The ongoing work to improve the accuracy of definedness tracking in the face of newer more aggressively optimizing compilers.
Valgrind's Memcheck tool reports various kinds of errors. One of the most important ones are those where an if-conditions or a memory address uses undefined data. To do this, it tracks the definedness of every bit in the process, and "follows" any undefinedness through arithmetic operations (Add, Sub, Mul, Or, Xor, etc).
This tracking is expensive and so Memcheck makes compromises, trading off exactness for speed. That has worked well for many years. However, as compilers become more aggressive, this works less and less well. In particular, Memcheck now often reports false errors in optimised code from GCC 6, Clang 4, and later versions. This is a problem because one of Memcheck's main strengths is the accuracy of its analyses.

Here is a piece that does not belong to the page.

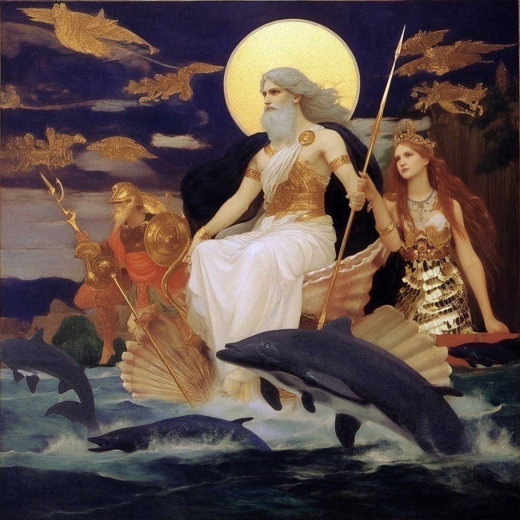 A number of supernatural ocean-dwelling beings who visited the host and Thomas Olney at the Strange High House in the Mist. Chief among then was Nodens, Lord of the Great Abyss. He rode in a shell upon dolphins’ backs and was accompanied by trident-bearing Neptune, sportive tritons playing conches, and fantastic nereids beating on shells. Nodens took the host and Olney for a ride with the Mighty Ones, and thereafter Olney appeared to have left his soul, or at least his imagination, behind with them. [HPL Mist (online text)]

In this talk I'll present my ongoing work to improve accuracy of definedness tracking. I'll mostly talk about various examples involving integer addition and comparisons, and will avoid gory details of Memcheck's internals. I'll also show two problems to which I have no solution.
The talk should be accessible to anyone with some familiarity of basic integer arithmetic (add, sub, and/or/xor, etc) and is curious about how undefinedness "flows" through these operations. If you like maths and proving simple theorems, you might enjoy this talk too -- and we'd like to talk to you!